New comic!
How to Walk Thru Fire.
"seek first to understand, then to judge"
And for those of you interested in back story, the working cogs, the spoilers of a thing - I started this 14 weeks ago, or so my time-keeper Instagram tells me. That was March. Just before I dove headfirst into printing the Xeric, and at a moment of really awful personal and emotional stress. The feeling I'd very nearly ducked at the end of last year was cycling back again. Overwhelmed by the enormity of the task ahead of me and feeling out of line with the values of people populating my days and out of favor of loved ones - not a pleasant feeling. It'd already been a long, drawn-out winter - and there was more to come, as I would soon find.
So again, I put my nose down on a stack of twenty sheets of paper one particularly shitty day while sitting at Le Spyhouse and hacked that feeling out. The only goddamn thing to do about it. This story was another one that seemed to unearth itself in large heaps. Had most of it fleshed out by that night, and my own unhappiness slightly eased.
I'm a quietly a believer in moony-things. Stars, numbers, the works. If you do believe, using the stars to navigate yourself is a seemingly obvious avenue to take. And I was fucking confused. About everything. Waking up meant rising out of bad dreams into visceral dread. I couldn't understand the actions or read my friends' intentions, and it scared me. So I read them wrong and got hurt. I turned to those moony-things to tell me what was wrong with me, why I was so out of step with everyone else. Whether it was purely exhaustion, bad stars, or simply reaching my fill of the cruelty of humanity I felt washing over me too often, I thought I was going through an emotional beat-down. In reality, more just an internal re-structuring. A hardware update.

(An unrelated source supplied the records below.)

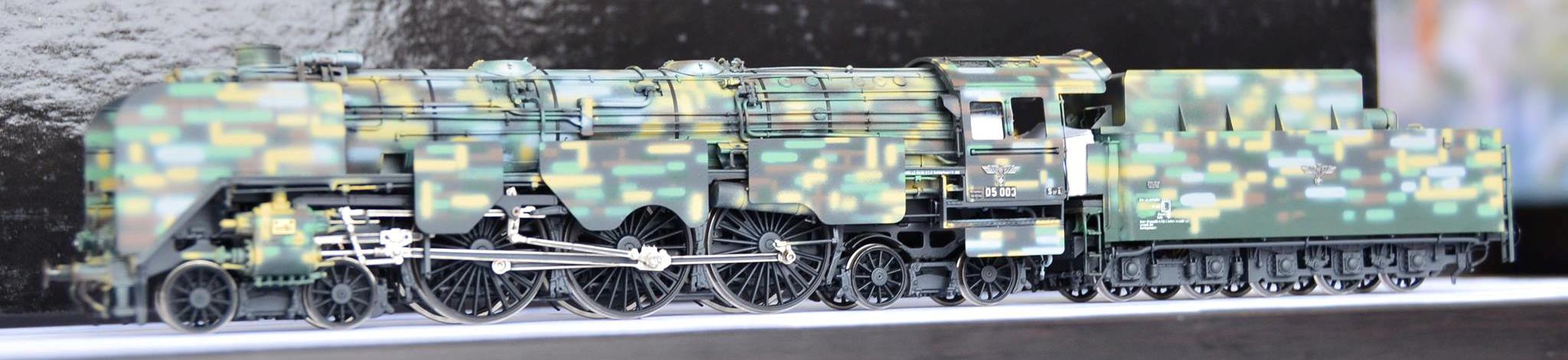 Никогда локомотивы DRG не окрашивались в танковый панцергрей. Включая и 05 003 после так называемой ре-модернизации в обычный паровоз. Возможно я видел и не все фото 05 003 после апгрейда, но если есть поделитесь. С пропагандой и свастикой на дымоотбойниках в 1945 году.
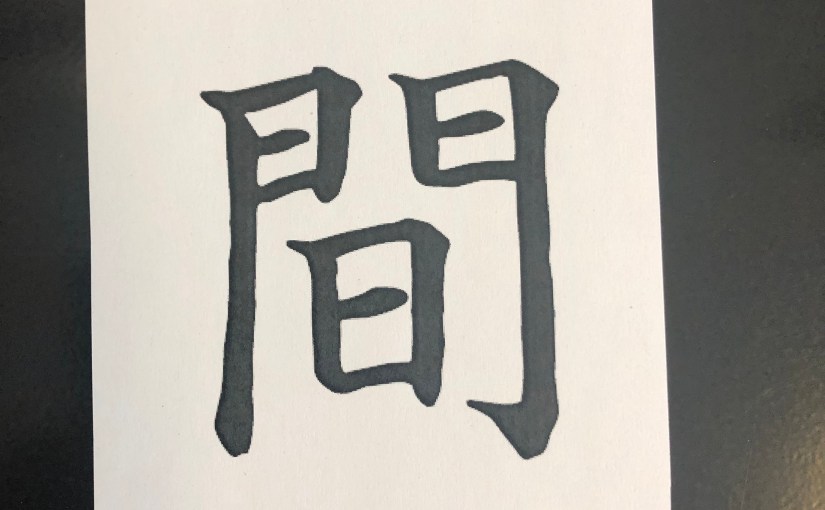 Das japanische Schriftzeichen für dem Zwischenraum (ma, s. Bild) enthält eine wunderbare Wegbeschreibung. Die Umrahmung aussen herum stellt ein Tor dar. Die Kästchen links und rechts mit dem verlängerten Strich sind die Torflügel und dazwischen steht das Viereck mit einem Querstrich, dem Zeichen für Sonne. Öffnet man das Tor und damit den Zwischenraum, können die Lichtstrahlen durchfliessen. Es braucht also beides: die Begrenzung und den Raum dazwischen, damit wir unsere innere Stimme hören können.
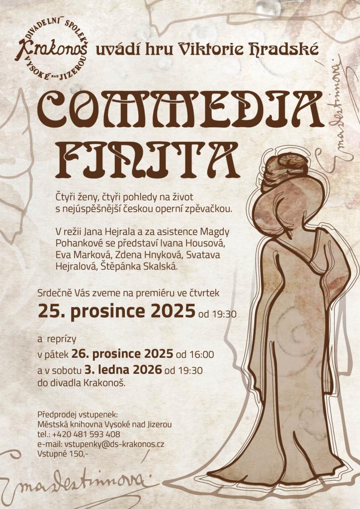 DS Krakonoš Vás srdečně zve na divadelní představení Commedia Finita dne 25.prosine od 19:30, 26. prosince od 16:00, 3. ledna od 19:30 do divadla Krakonoš. Předprodej vstupenek v Městské knihově ve Vysokém nad Jizerou. Vstupné 150,-
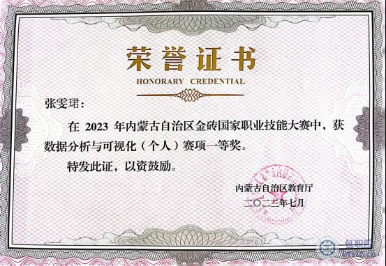 2023年金砖国家技能大赛数据分析与可视化赛项国际总决赛三等奖;
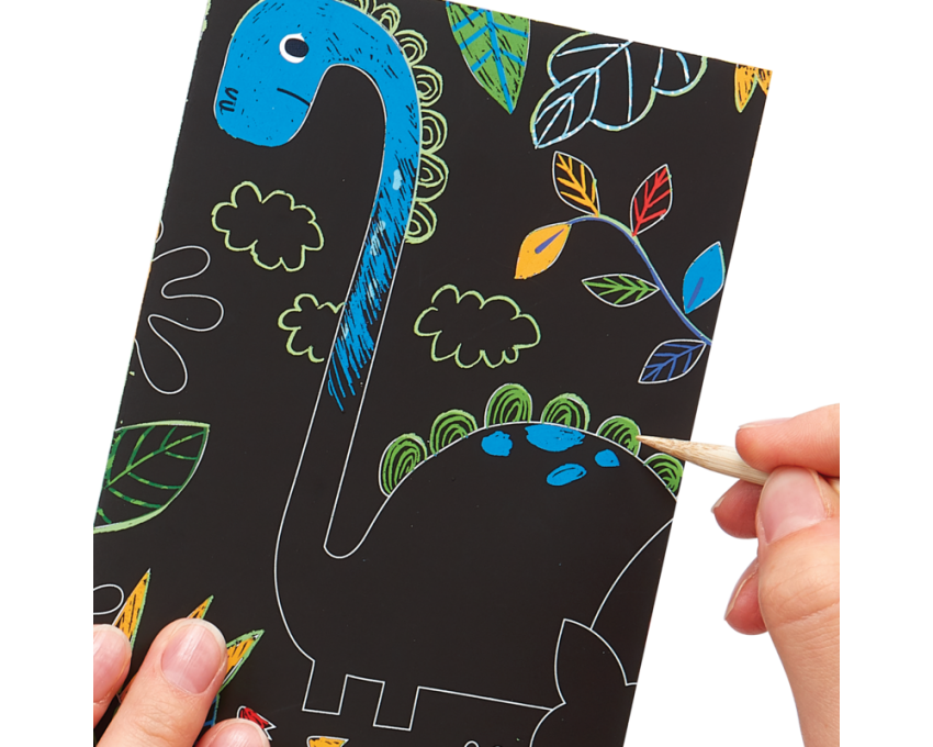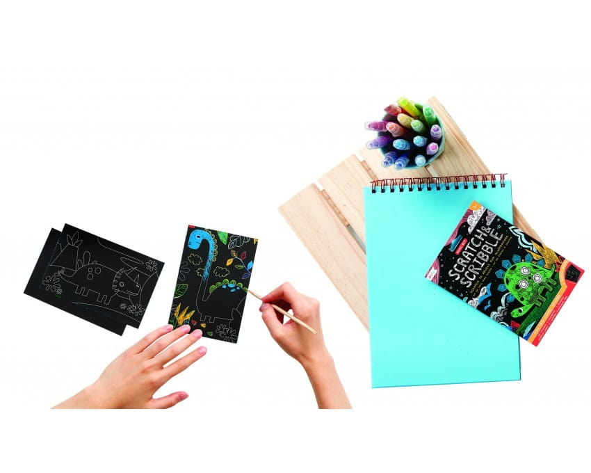Uwielbiona przez dzieci zdrapywanka z dinozaurami Ooly. Kreatywny zestaw zawiera czarne kartki pokryte specjalną warstwą z narysowanymi konturami oraz rysik do drapania. Kolorowe zdrapywanki gwarantują udaną zabawę.

I have always processed the world through my internal framework, taken in and processed against an invisible metric that, admittedly, I cannot articulate. A system of ideals and moral bracketing through which all earthly information had to pass, and pass judgement. A trait I also have not been fully aware of - and, until very, very recently, not aware at all that this is not how everybody functions. A reason why I might seem quiet or clam-mouthed, or why I look too intently when people speak, or withdraw from the over-stimulation of things other people consider so goddamn "fun." I'm taking in a shit-ton of information, only a fraction of it verbal, and running it through this cotton-gin brain. And it'll fry my circuit on a bad day. It's also why I have, now admittedly, high expectations of myself and everyone - but most of all myself. I came with pre-installed, ancient hardware of processing right/wrong, sometimes for better and sometimes for worse.
And the moment I seemed to realize that every other person on earth just functioned differently than I did, and that was simply the truth, without it being "right" or "wrong," I sort of freaked out. Lashed out for a while, withdrew for another while. Drew this story. And very slowly came to terms with it. Realizing that if I changed my mind, it was not destroying the integrity of this internal framework by taking out a crucial piece - and by extension destroying myself in the process, as I've always felt internally like one, unchanged and unchangeable thing - but just fixing one piece of that thing. A new spark-plug a different car does not make. And in this analogy it's not even a spark-plug. It's a fucking rear-view mirror I'm switching out, so why burn the car down for that?
That's one long-ass mixed metaphor about my head and heart being a computer and a car, but that's I guess how it is.